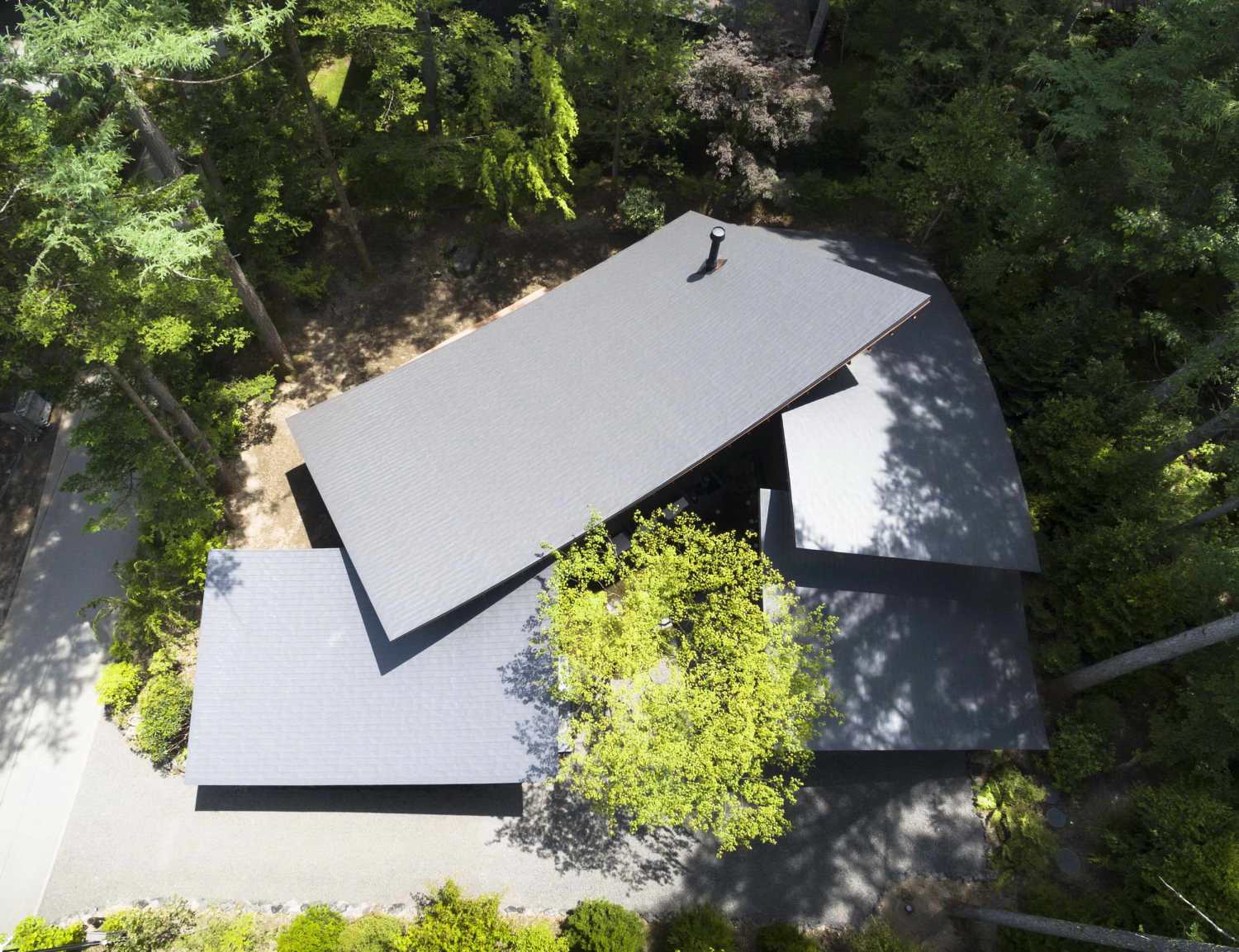 In order to acquire specific natural scenery and light environment, each living function faces its own desired orientation. Living and dining space faces south-east for a brighter living environment while master bedroom and bathroom faces west offering private scenery of the forest. These living functions are assembled into 3 interconnected volumes that are placed on site among the pre-existing trees.
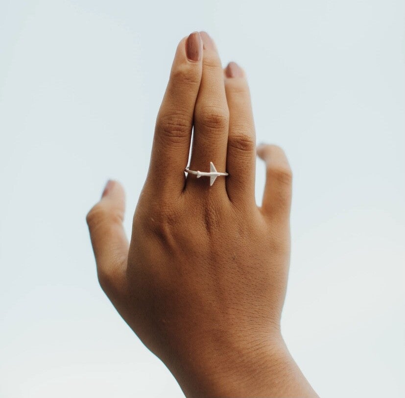 Wanderlust Ring Silver plated ring. Vliegtuig charm op de ring. Ring maat 18. Gemaakt in Bali. Eco friendly
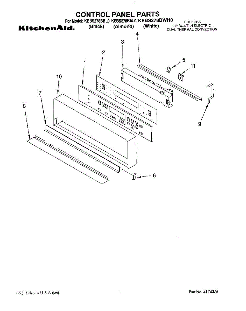 Parts for Kitchenaid KEBS278BBL0: 01 - Control Panel, Lit / Optional Parts
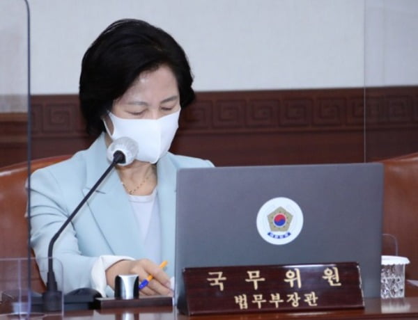 추미애 법무부 장관이 지난달 29일 정부서울청사에서 열린 영상국무회의에 참석해 자료를 보고 있다. /사진=연합뉴스
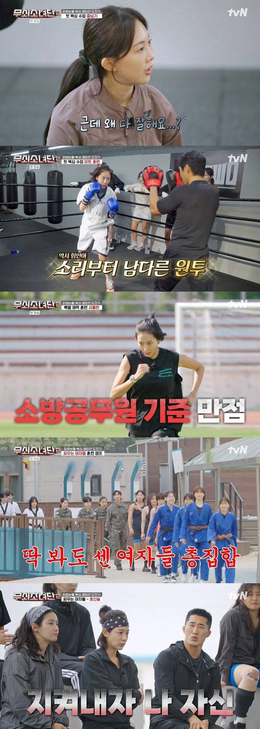 그런가 하면 ‘강철부대W’ 조성원, ‘피지컬: 100’ 장은실, 태권도 금메달리스트 김소희, 주짓수 금메달리스트 성기라 등과 함께한 ‘싸우는 여자들 훈련 캠프’가 관심을 모았다. 태권도, 레슬링, 주짓수, 특공무술까지 각 팀의 강렬한 시범은 물론 일상생활에 적용이 가능한 호신술을 배워보는 시간이 유익함을 배가시키며 앞으로 펼쳐질 훈련을 기대케 했다.

^^^^

_What is needed:_
A verbatim copy of every entry is wanted; the pictures stay out of it.

_Result for this task:_
 In order to acquire specific natural scenery and light environment, each living function faces its own desired orientation. Living and dining space faces south-east for a brighter living environment while master bedroom and bathroom faces west offering private scenery of the forest. These living functions are assembled into 3 interconnected volumes that are placed on site among the pre-existing trees.
 Wanderlust Ring Silver plated ring. Vliegtuig charm op de ring. Ring maat 18. Gemaakt in Bali. Eco friendly
 Parts for Kitchenaid KEBS278BBL0: 01 - Control Panel, Lit / Optional Parts
 추미애 법무부 장관이 지난달 29일 정부서울청사에서 열린 영상국무회의에 참석해 자료를 보고 있다. /사진=연합뉴스
 그런가 하면 ‘강철부대W’ 조성원, ‘피지컬: 100’ 장은실, 태권도 금메달리스트 김소희, 주짓수 금메달리스트 성기라 등과 함께한 ‘싸우는 여자들 훈련 캠프’가 관심을 모았다. 태권도, 레슬링, 주짓수, 특공무술까지 각 팀의 강렬한 시범은 물론 일상생활에 적용이 가능한 호신술을 배워보는 시간이 유익함을 배가시키며 앞으로 펼쳐질 훈련을 기대케 했다.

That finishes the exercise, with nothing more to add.